The objective of this study was to analyze the roles of socioenvironmental and housing factors at both the individual and neighborhood levels in NYC that, in combination, contribute to childhood asthma exacerbations. To better understand individual and community level exposures associated with asthma exacerbation, we used a two-step approach of unsupervised clustering and logistic regression to identify exposure patterns and examine associations between clusters and asthma exacerbations.

These results will help inform strategic, community-level interventions by understanding specific co-occurring factors that families and neighborhoods are exposed to instead of focusing on factors individually known to be associated with asthma. This research supports the utilization of an equity lens by focusing on structural changes in housing and environments needed to address disparities in health, safety, and asthma exacerbation. By identifying such patterns and associations, policies and programs that help manage and reduce health disparities related to childhood asthma can be strengthened and leveraged across disciplines.

Methods

Data Collection and Study Population

Data used in this study came from the NYC KIDS survey conducted by the NYC Department of Health and Mental Hygiene in 2017 [21]. The NYC KIDS survey collected data via telephone interviews with 7507 randomly selected households with one or more children 0–13 years of age. Respondents were parents, guardians, or other family members who were sufficiently knowledgeable about a selected child’s health, doctor visits, and general activities, as well as family and neighborhood characteristics. Most respondents (84.0%) were the mothers of the children. The overall response rate was 19.6%, and the overall cooperation rate for completion of the survey was 57.4%. The current analysis was restricted to children 6 years and older (n = 2157) due to potential inaccuracies in clinical diagnosis of asthma in children under 6 years. Thirty-two (1.5%) of 2157 respondents with a missing or invalid zip code were excluded due to an inability to identify neighborhood-level values. Of the 2125 remaining study participants, 7.8% had at least one missing value for the individual-level exposure variables. The respondents with and without missing values did not show significant differences on socioeconomic and housing characteristics. Therefore, 92.2% of respondents with complete data for all variables were used in the analyses (n = 1959).

Exposure Variables

Individual-level socioenvironmental and housing factors were included from the 2017 NYC KIDS Survey (see Table 1). Neighborhood-level variables were created using 5-year zip code-level estimates from the 2013–2017 American Community Survey (ACS). These factors reflected demographics, education level, income disparities, markers of gentrification, building characteristics, and an indicator of structural racism. Income disparities were categorized by the Gini coefficient [22]. Gentrifying neighborhoods in NYC were identified by zip code as previously published [23]. The definition of structural racism used in this analysis was constructed, as previously published, by identifying the racial inequity (ratio of Black to white population) in college degree attainment and unemployment rate [24]. Neighborhood-level variables constructed from the ACS estimates were appended to 2017 NYC KIDS respondents by zip code. Individual-level factors indicate exposure in the 12 months prior to the survey and neighborhood-level factors represent average exposures over the last 3 years.

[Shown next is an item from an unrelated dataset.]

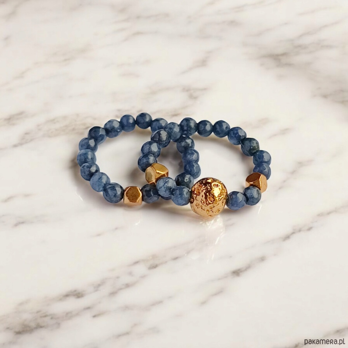 Pierścionki elastyczne zostały wykonane z kuleczek fasetowanego jadeitu w szafirowym odcieniu granatu (3mm) oraz kuli platerowanej lawy i przekładek ze złotego hematytu.
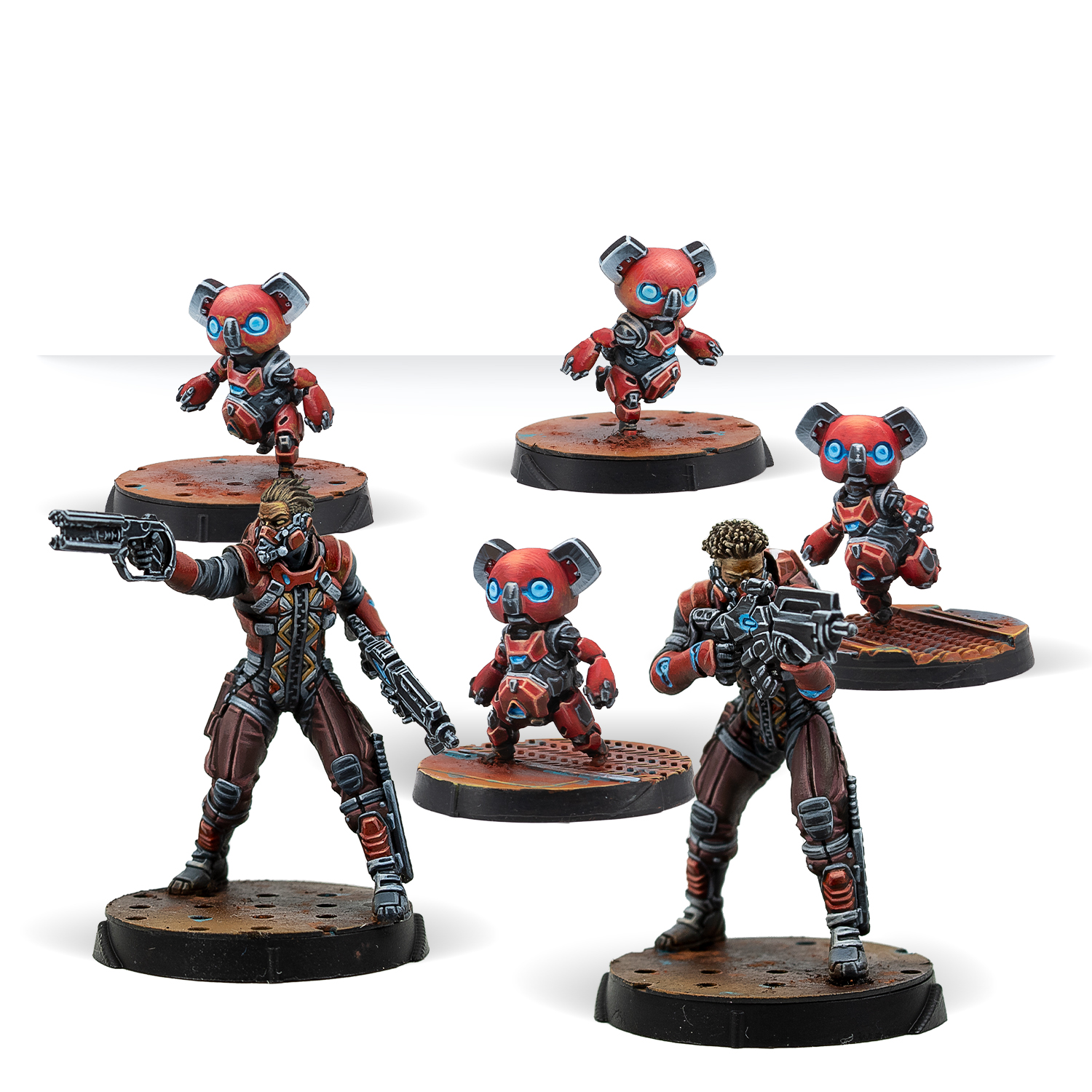 Esta caja incluye 6 miniaturas: Un Moran con Fusil Combi, un Moran con Escopeta de Abordaje y 4 CrazyKoalas. Si lo que buscas es un potente control de mesa, los Moran Maasai son la mejor elección. Sus CrazyKoalas frustraran el avance enemigo y su Repetidor ampliará el radio de efecto de tus Hackers.

Table 1 Descriptive characteristics of the sample, 6–13 years, 2017 NYC KIDS

Outcome Variables

Asthma exacerbation was determined by using the 2017 NYC KIDS survey question: “During the past 12 months, has your child had an episode of asthma or an asthma attack?” Lifetime asthma was determined with the question “Has a doctor or health professional ever told you or another caregiver that your child has asthma?” Asthma exacerbation, instead of lifetime asthma, prevalence, was the primary outcome of this analysis. The lifetime asthma measure did not indicate whether asthma was current or historical and was less accurate in assessing temporal causal associations with recent housing and environmental conditions. Numerous studies use parental report to classify asthma exacerbation. The consistency and reliability of parental report have been validated [25].

Statistical Analysis

The demographic, socioeconomic, and household characteristics of all respondents for children aged six to 13 years from 2017 NYC KIDS were first examined in univariate analysis for the total study population.

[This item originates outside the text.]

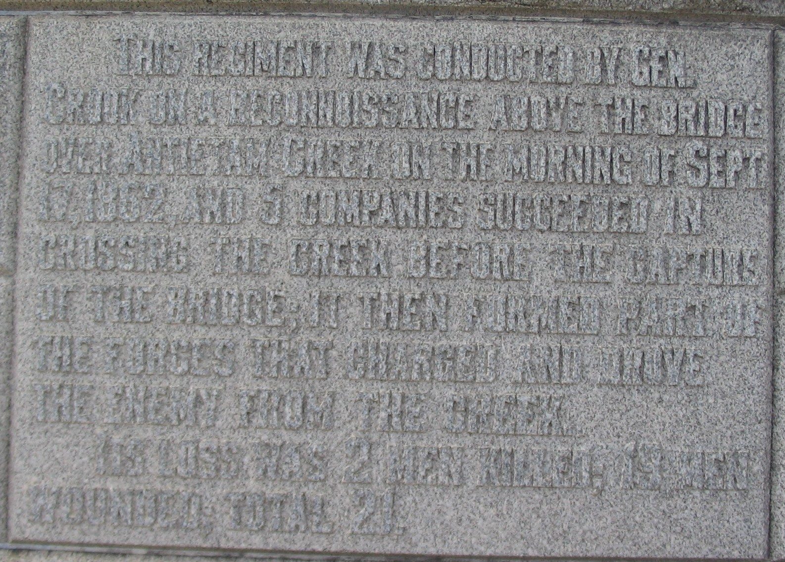 This Regiment was conducted by Gen. Crook on a reconnaissance above the Bridge over Antietam Creek on the morning of Sept. 17, 1862, and 5 companies succeeded in crossing the Creek before the capture of the bridge; it then formed part of the forces that charged and drove the enemy from the creek.

Cluster analysis was then used to identify exposure patterns in socioenvironmental level characteristics. Modifiable housing and neighborhood factors were included, and unmodifiable individual-level factors, such as age, race/ethnicity, and sex, were excluded from the cluster analysis. Asthma outcomes were also excluded because the goal was to identify patterns across the housing and neighborhood-level characteristics matrix (a social/built environment phenotype) and not predict asthma status. Collinearity between features was controlled by removing less modifiable factors within highly correlated pairs. This resulted in removing two features, “ < 1 occupant per room at home” and “percent of household with kids in a zip code area.”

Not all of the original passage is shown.